■ Data

*-*-*

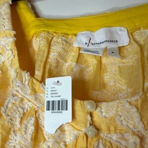 NWT ANTHROPOLOGIE Yvonne Textured Yellow Boho Buttondown Puff Sleeve Blouse Top
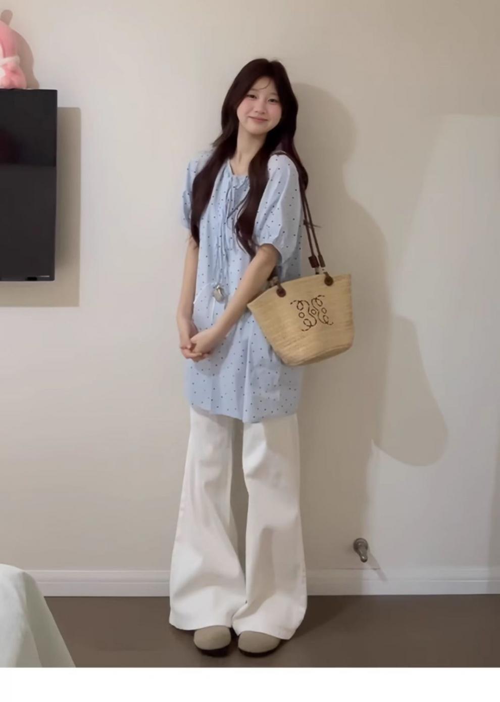 Рубашка с короткими рукавами [цельная]; Белые брюки [цельный предмет]; Рубашка с короткими рукавами + белые брюки [комплект из двух предметов]
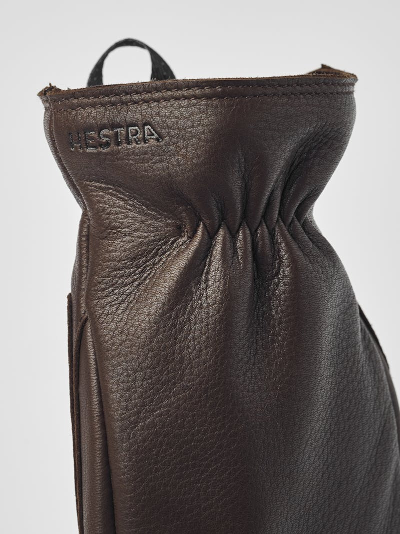 Een donkerbruine, flexibele, comfortabele herenleren handschoen, gemaakt van hertenleer. Dit leer is zacht en isolerend, met een rustieke feel. De handschoen is perfect voor koude herfst- en winterdagen en heeft een klassieke, robuuste stijl die geschikt is voor zowel dagelijks gebruik als recreatie.

*-*-*

■ What is needed
Copy, exactly and exclusively, the lines beginning with the one that contains "Рубашка с короткими рукавами [цельная];" and ending with the last line of the listing; pictures are to be omitted.

■ Completed task
 Рубашка с короткими рукавами [цельная]; Белые брюки [цельный предмет]; Рубашка с короткими рукавами + белые брюки [комплект из двух предметов]
 Een donkerbruine, flexibele, comfortabele herenleren handschoen, gemaakt van hertenleer. Dit leer is zacht en isolerend, met een rustieke feel. De handschoen is perfect voor koude herfst- en winterdagen en heeft een klassieke, robuuste stijl die geschikt is voor zowel dagelijks gebruik als recreatie.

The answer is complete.